巨大な体が影を落とし、砂が波のように揺れる。
『――我は、あなたを主と認めます。
このヴァルザグレアス、あなたの配下として仕えましょう』
「…………は?」
『あなたの創る世界を、共に見届けたい。
あなたが望むなら、この身、この力、全てを委ねよう』
「いや、待て待て待て待て!? そんな展開ある!?
ドラゴンが“主様”とか言い出すやつ!?
お前絶対さっきまで殺す気だっただろ!!」
『それがどうしたというのでございましょう。
殺す価値があった。
……そして今、仕える価値がある』
「理屈飛びすぎだろ!! てか、切り替え早ぇな!?」
うまいこと言いやがって。
ツッコミながらも、胸の奥が少し熱くなった。
敵だった存在が、自分の力を見て、真っ直ぐに頭を下げている。
『命ずるがいい、我が主よ。
あなたの創生の旅に、我が魂を捧げよう』
風が静まり、空の色が変わった。
赤く染まっていた空が、金と群青の境へと溶けていく。
熱が消えた。
炎の匂いも、もうない。
代わりに残ったのは――
胸の奥の、やけに優しい光の鼓動だけ。
「……マジかよ。
龍神が配下って、俺、どんなチート職だよ。
てか、旅って、どこ行くんだよ俺。
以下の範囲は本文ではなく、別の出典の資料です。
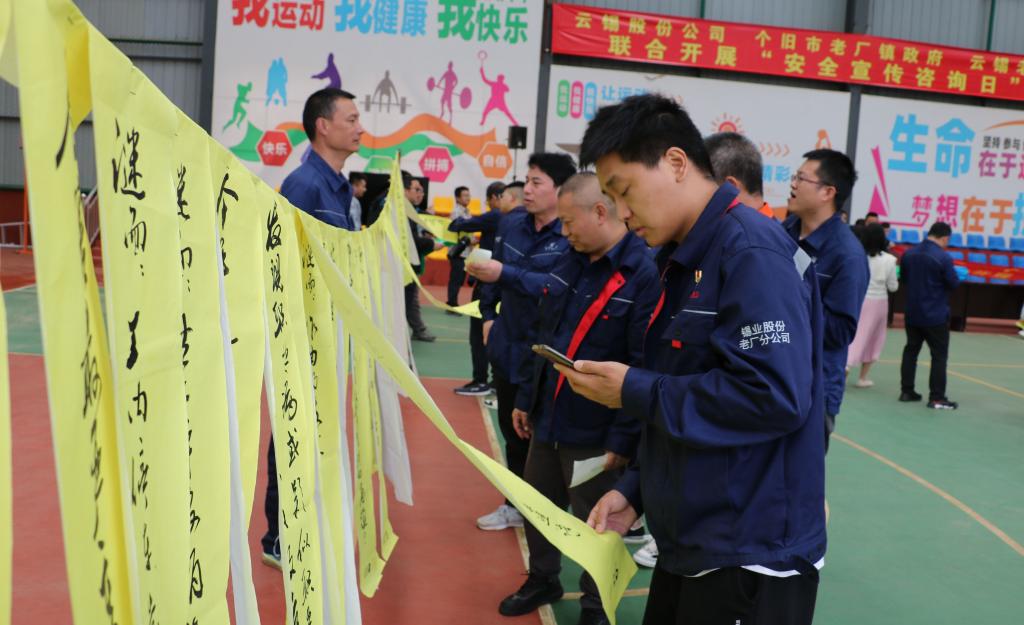 锡业股份、老厂分公司、个旧市老厂镇在分公司职工体育活动中心联合组织开展了“安全宣传咨询日”活动。活动通过摆放展板、发放宣传资料及防灾减灾科普知识资料、安全知识竞猜等形式开展安全生产法律法规、安全科普常识及安全生产知识方面的宣传,参加活动的人员还共同观看了《“安全生产月”公益宣传片、井下火灾逃生要点科普片》,在“人人讲安全,个个会应急”活动主题横幅上进行了签字。通过“安全宣传咨询日”活动,进一步提高干部职工的安全法律法规意识。(李伟华)
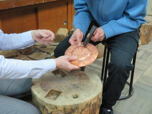 3年クラフト系列の工芸実習Ⅰの授業では鍛金技法について学んでいます。 金槌と当て金と呼ばれる道具を使い、一枚の銅板から立体的に造形していきます。 今年度は鍛金技法でマグカップの制作に取り組んでおり、今から完成が楽しみです!
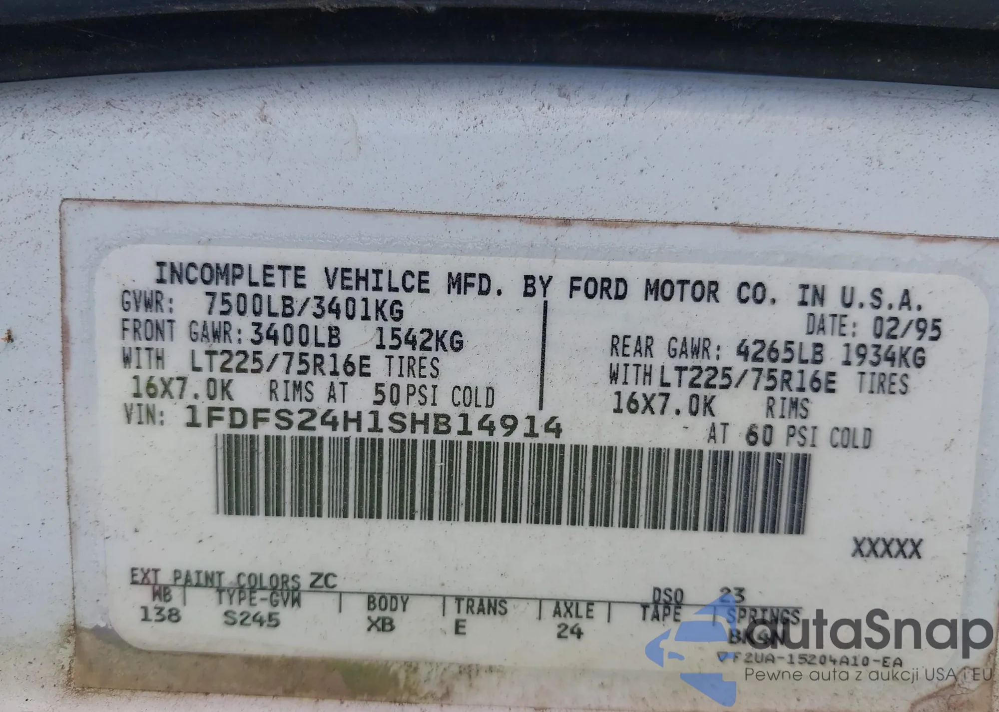 • VIN 1FDFS24H1SHB14914
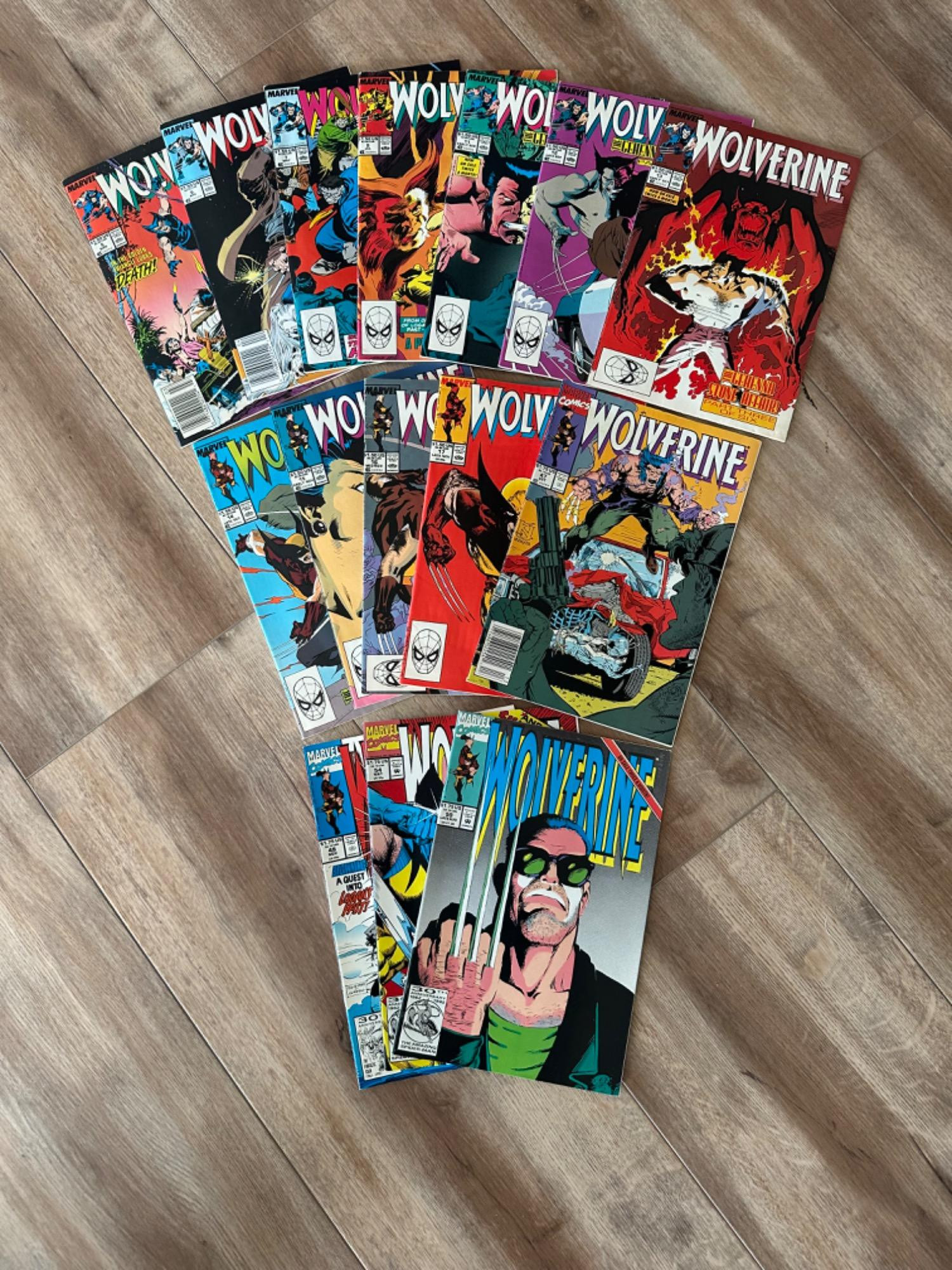A collection of Marvel's Wolverine comic book series. Some of the most acknowledged comic book covers in the 90's era! A majority of the comics are in relatively good shape. Although, Wolverine #17 does have a dent that runs through the entire bottom of the comic. Despite that, they are all presentable and ready to be read!
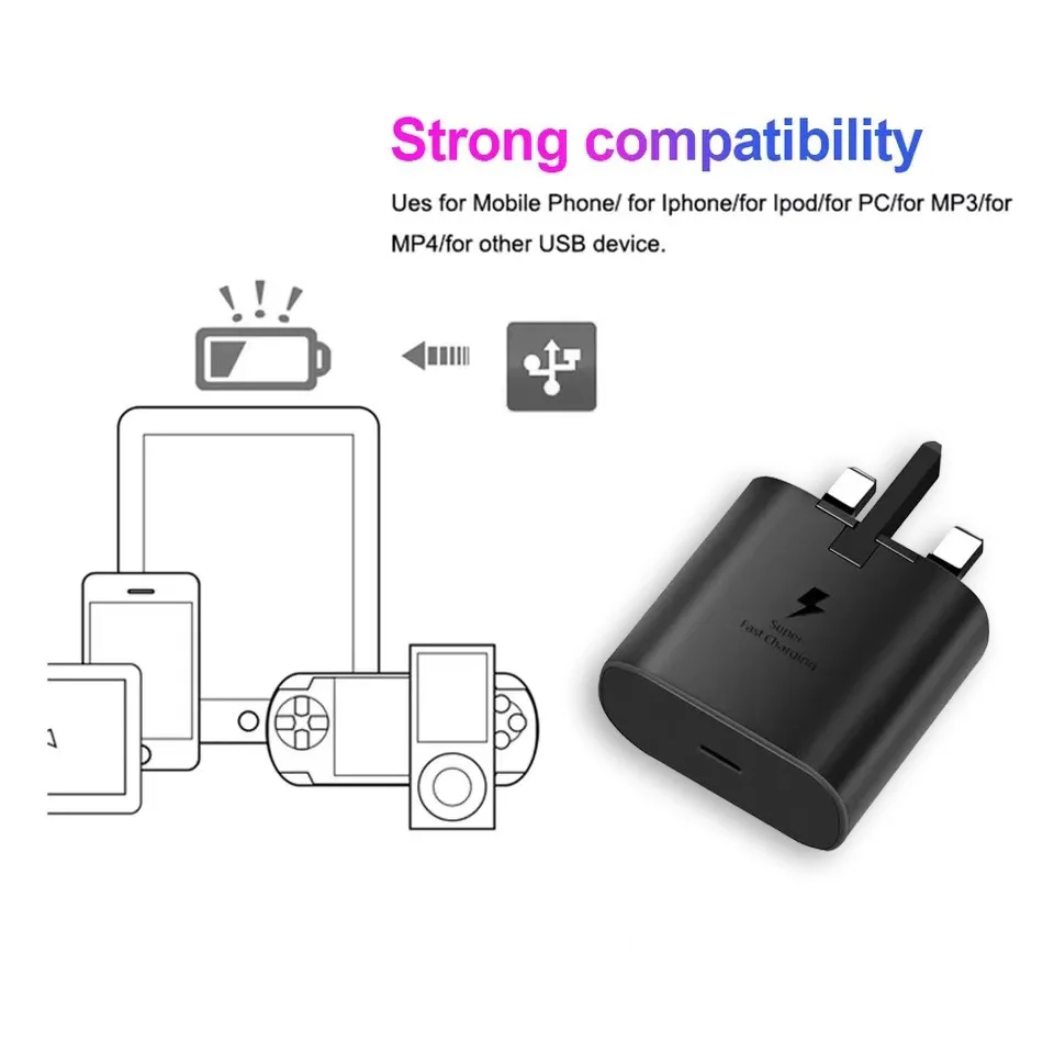 Оригинальное быстрое зарядное устройство Samsung, USB C адаптер мощностью 25 Вт, с вилкой Стандарта ЕССШАВеликобритании для Galaxy Note 10 10 + 20 A90 A80 A70 A60 A50 M31S M51
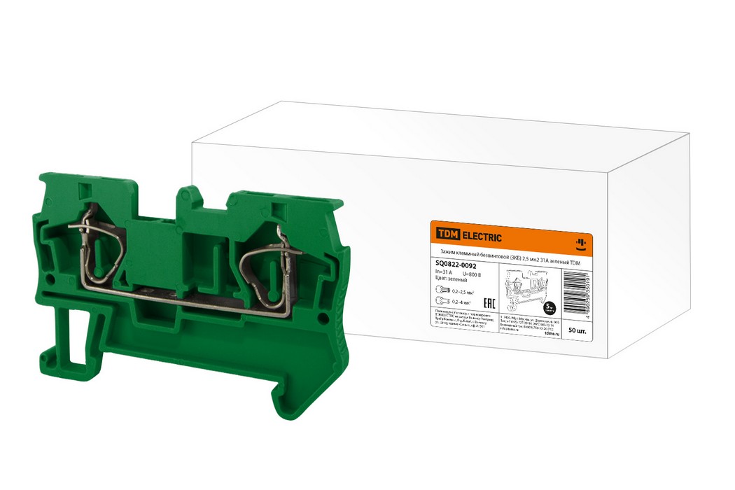 Полные технические характеристики Зажим клеммный безвинтовой (ЗКБ) 2,5 мм2 31А зеленый TDM ELECTRIC SQ0822-0092
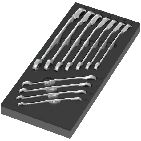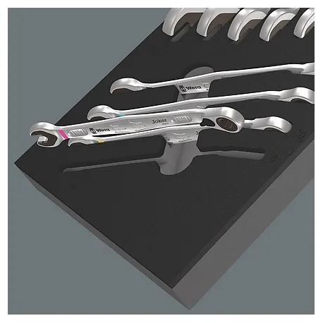 Inserção de espuma durável; bicolor para rápida identificação de peças faltantes; adequado para o gabinete de rolos Tool Rebel. Equipado com 11 chaves de catraca de anel reversíveis Joker Switch 6001.
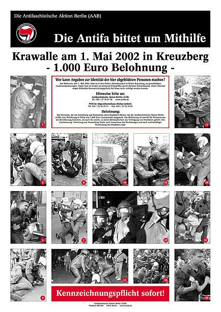 21 Oct 2002 The Berlin Police does not want you to see this graphic, a parody of a 'wanted' poster depicting alledged acts of police brutality on May Day. As reported by Der Schockwellenreiter and Heise, the police threatened to shut down the website of the creators of the parody, the Anitfascist Action Berlin, unless the posters was pulled from their website. The police have now started issuing similar threats to sites mirroring the poster, and Der Schockwellenreiter has called on bloggers everywhere to mirror the poster to render the censorship efforts absurd. Now, I find the poster in questionable taste, as well as the whole 'tradition' of May Day rioting, but I should be able to view the poster myself and make my own decision.
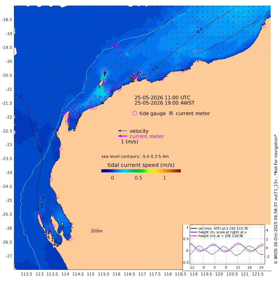3cm/s -49T +12cm/s rms + 5cm/s -173T. NWSBAR 206m 3cm/s -150T +22cm/s rms + 10cm/s -148T. TAN100 109m 2cm/s -62T +11cm/s rms + 8cm/s -129T. PIL200 208m 4cm/s -37T +13cm/s rms + 7cm/s -137T. PIL100 105m 5cm/s -33T +12cm/s rms + 2cm/s -92T. PIL050 55m 3cm/s -132T +18cm/s rms + 4cm/s -149T. NRSNIN 61m 15cm/s -55T +6cm/s rms + 3cm/s 112T. NW Shelf M6 65m 4cm Withnell Point 4cm Denham 3cm Shark Bay (Inr Bn) 4cm Shark Bay 0cm Useless Loop -6cm Hamelin Pool 8cm Carnarvon 2cm Cape Cuvier 2cm Coral Bay 4cm Norwegian Bay 26cm Badjirrajirra 5cm Tantabiddi 16cm Point Murat 22cm Exmouth 29cm Learmonth 16cm Y Island 9cm North Muiron Island 12cm Roller 16cm Ashburton North 19cm Onslow (Beadon Creek) 18cm Thevenard Island 21cm Large Island 43cm North Sandy Island 31cm Barrow Island (Wapet Landing) 44cm Barrow Island (Tanker Mooring) 43cm Withnell Bay 27cm Trimouille Island 21cm North West Island 26cm Fortescue Road 33cm Steamboat Island 52cm Sholl Island 41cm Fairway Beacon 42cm Mawby Island 43cm Dampier (King Bay) 48cm Cape Legendre 53cm Hauy Island 57cm Port Walcott (Cape Lambert) 53cm Depuch Island 71cm Port Hedland 58cm Bedout Island 13cm Lagrange Bay
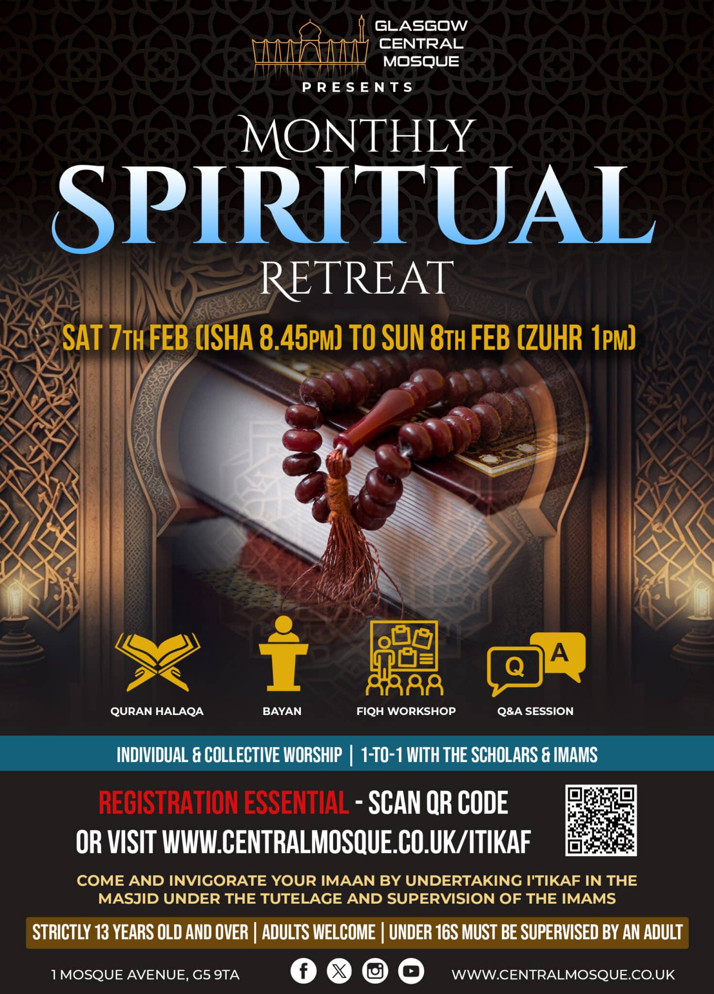 The monthly Spiritual Retreat I'tikaaf programme will continue in Glasgow Central Mosque from Sat 7th Feb (Isha 8.45pm) to Sun 8th Feb (Zuhr 1pm), In’sha’allah. Please register HERE.

どっかに腰を落ち着けたいんだけど」
呆然とつぶやく俺に、ヴァルザグレアスが口角を上げた。
『創るとは、歩むことです。
どこへ行くかは――主が決めることでございます』
「……なんかそれっぽいこと言ったな、お前」
砂の海を吹き抜ける風が、少しだけ涼しかった。
龍神が頭を下げたまま、目を閉じて言う。
『主よ――命を下され。
このヴァルザグレアス、あなたの従僕となりましょう』
胸の《創生核》が、鼓動で応えた。
白い光が小さく脈打ち、俺の体の中で「生きている」ように感じた。
「……よし。じゃあ決まりだ。
とりあえず――お前、俺の仲間な。
飯ぐらいは奢れよな、龍神」
龍が目を開けた。
その金色の瞳が、夕陽を映して光る。
『食を共にするか。ふむ……面白い主ですな』
「そうだろ? まあ、気楽にいこうぜ。」
俺が笑うと、ヴァルザグレアスの巨体から、低く穏やかな笑いが響いた。
風が止み、空が完全に金色に染まる。
(とりあえず安定が欲しい……)
溜め息だけが砂漠の風に消えていった。